Density functional theory study of rutile VO2 surfaces

TL;DR

This study uses density functional theory to analyze rutile VO2 surfaces, revealing the most stable surface orientation, particle morphology, and oxidation behavior, with implications for redox properties and surface chemistry.

Contribution

It provides new insights into the surface energies, morphology, and oxidation states of rutile VO2 surfaces using DFT calculations.

Findings

(110) is the most stable surface orientation.

VO2(110) surface is oxidized under various conditions.

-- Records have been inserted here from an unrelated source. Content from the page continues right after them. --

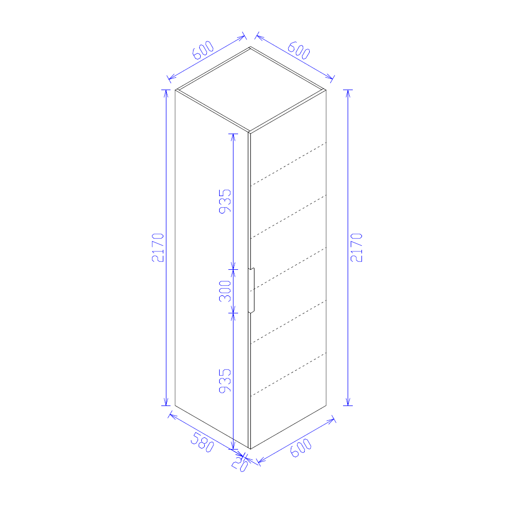 - Dimensions after assembling: 600*600*2170mm (please note: height does not include the feet)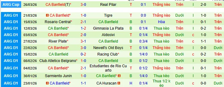 + Banfield thua 7 hòa 2 thắng 5 trong 14 trận vừa qua theo kèo châu Á.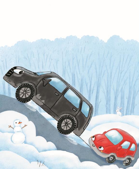 Едет по деревенской дороге чёрная машина. Дорога плохая, скользкая. А тут ещё и большой снег выпал. Видит чёрная машина: впереди маленький красный автомобильчик барахтается. Хочет в горку въехать, а не может. Снег мешает, и колёса скользят.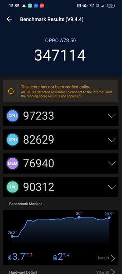 为了测试 OPPO A78 5G 的性能,小编在此使用了安兔兔评测软件及两款游戏来为这款手机进行性能测试。首先,手机在开启性能模式之前的跑分是 347,114,开启性能模式后则是 373,944。在此看来性能模式确实提升了接近10%左右的性能,如果用户不介意高电池消耗的话,可以考虑在游戏时开启性能模式。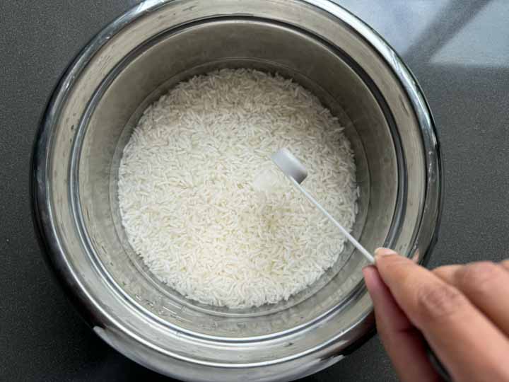 3. Measure and add water to the rice. (1 cup rice: 1.25 cup water ratio). Also, add salt and oil if you prefer.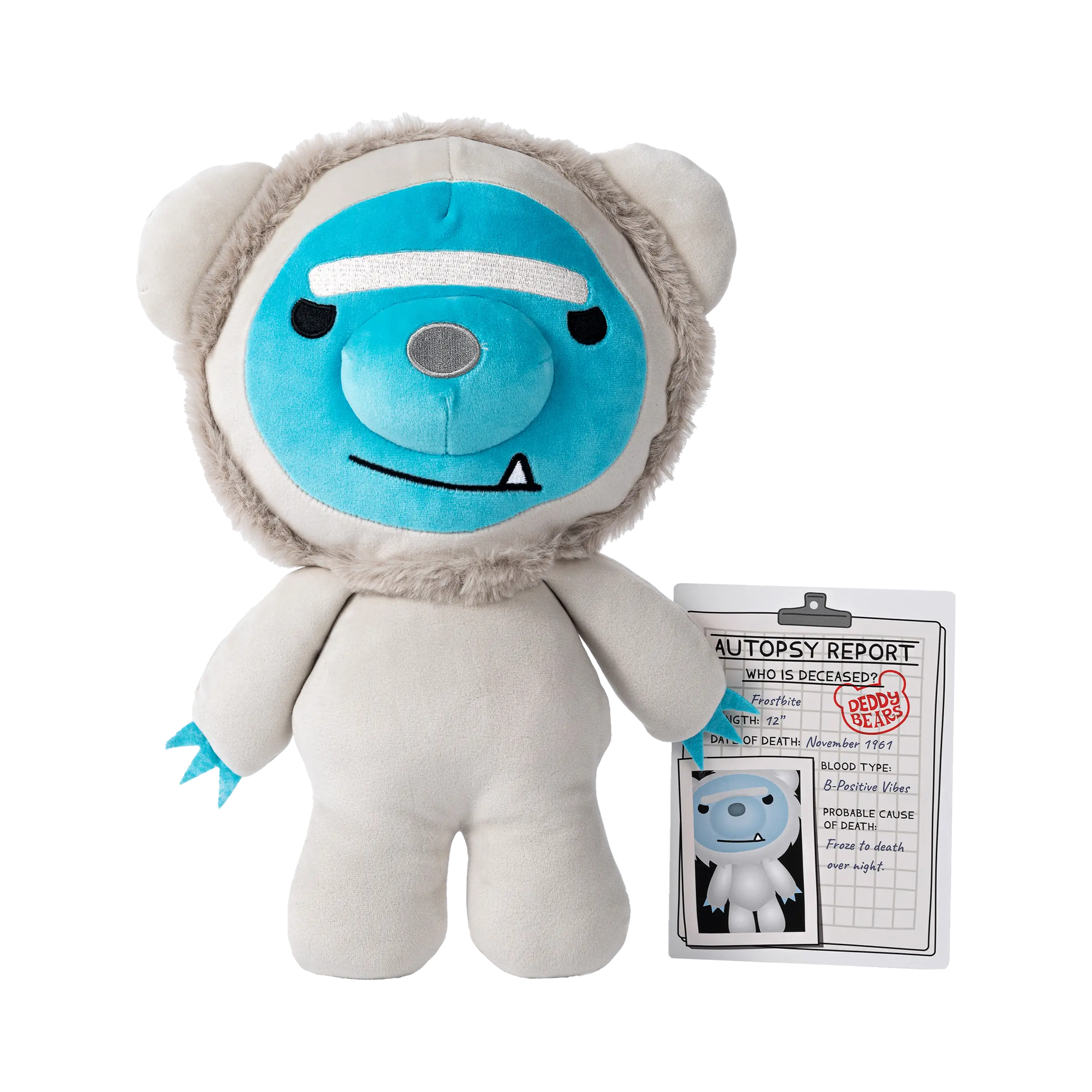 Introducing FROSTBITE! The chillingly adorable character from the Deddy Bears Series 2! This frosty, blue-faced plush bear features an icy-white fur coat, embroidered details, with hauntingly cute eyes, and blue claws.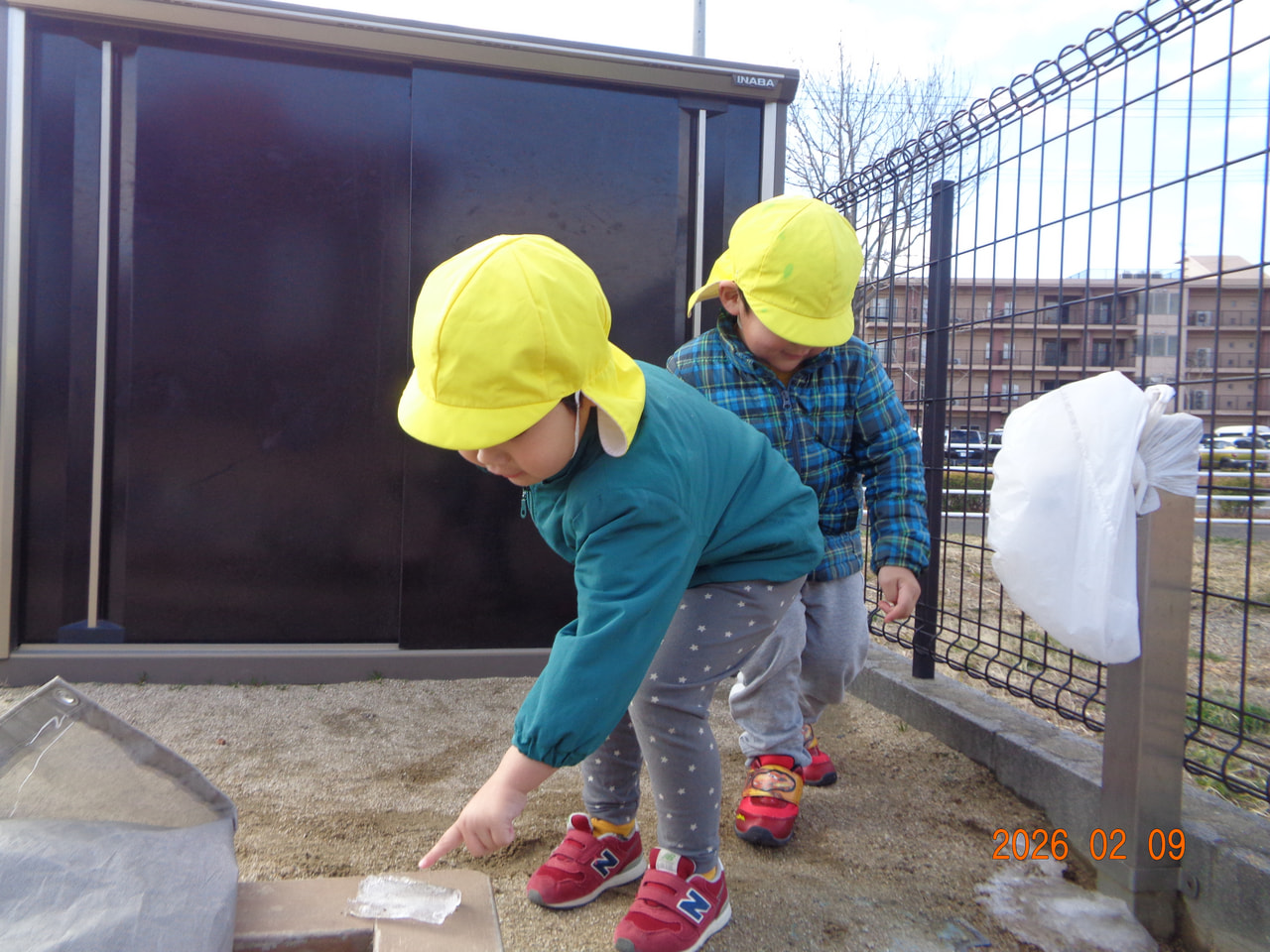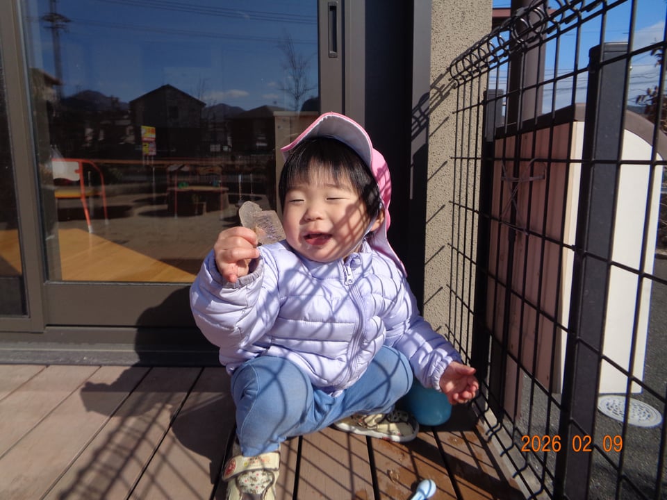 園庭では、冬ならではの光景を発見👀✨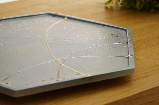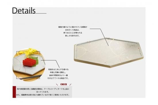 蜘蛛の巣のように描かれている模様が目を引く『錦くもの糸正六角皿』は、使うほどに心を奪われる美しさを放ちます。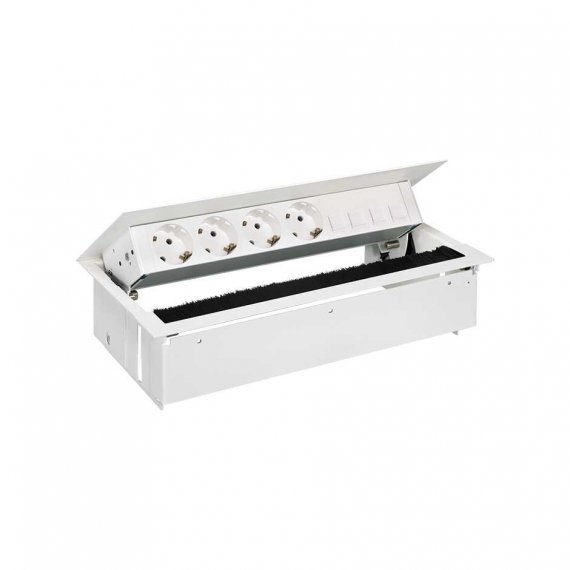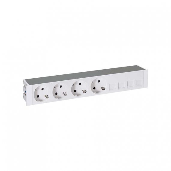 Врезной x6 розеточный блок, щетка, 4x2P+E, 4хRJ45, белый, S400
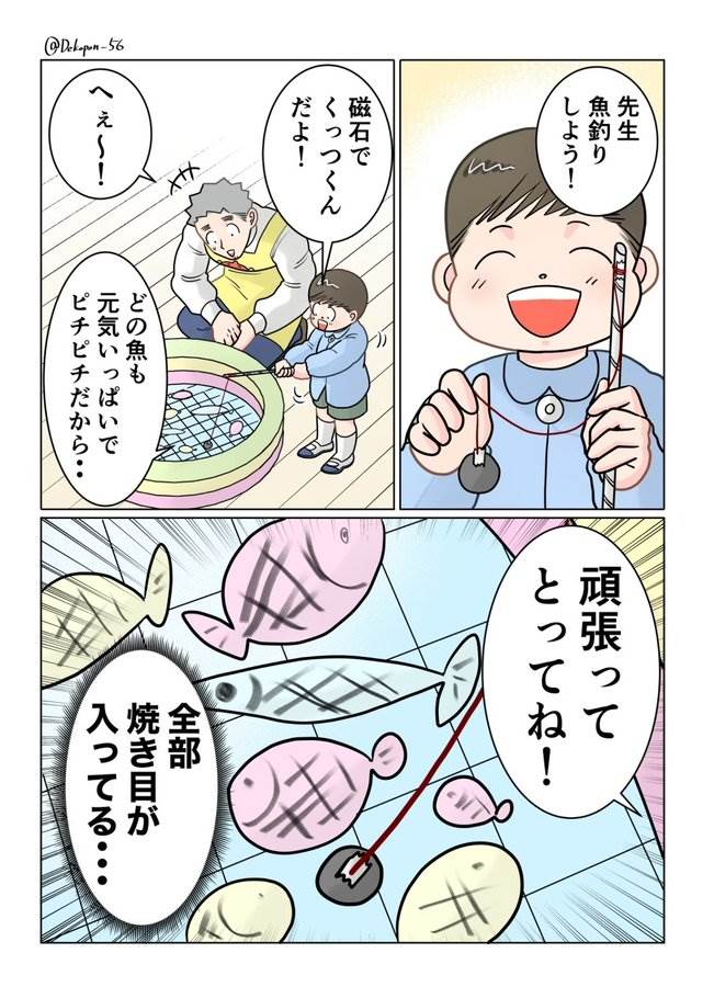 保育士実録 でこ先生 第358話 焼き魚釣り

Surface vanadyl species are more favorable than peroxo species.

Abstract

We present the results of a density functional theory (DFT) investigation of the surfaces of rutile-like vanadium dioxide, VO2(R). We calculate the surface energies of low Miller index planes, and find that the most stable surface orientation is the (110). The equilibrium morphology of a VO2(R) particle has an acicular shape, laterally confined by (110) planes and topped by (011) planes. The redox properties of the (110) surface are investigated by calculating the relative surface free energies of the non-stoichiometric compositions as a function of oxygen chemical potential. It is found that the VO2(110) surface is oxidized with respect to the stoichiometric composition, not only at ambient conditions but also at the more reducing conditions under which bulk VO2 is stable in comparison with bulk V2O5. The adsorbed oxygen forms surface vanadyl species much more favorably than surface peroxo species.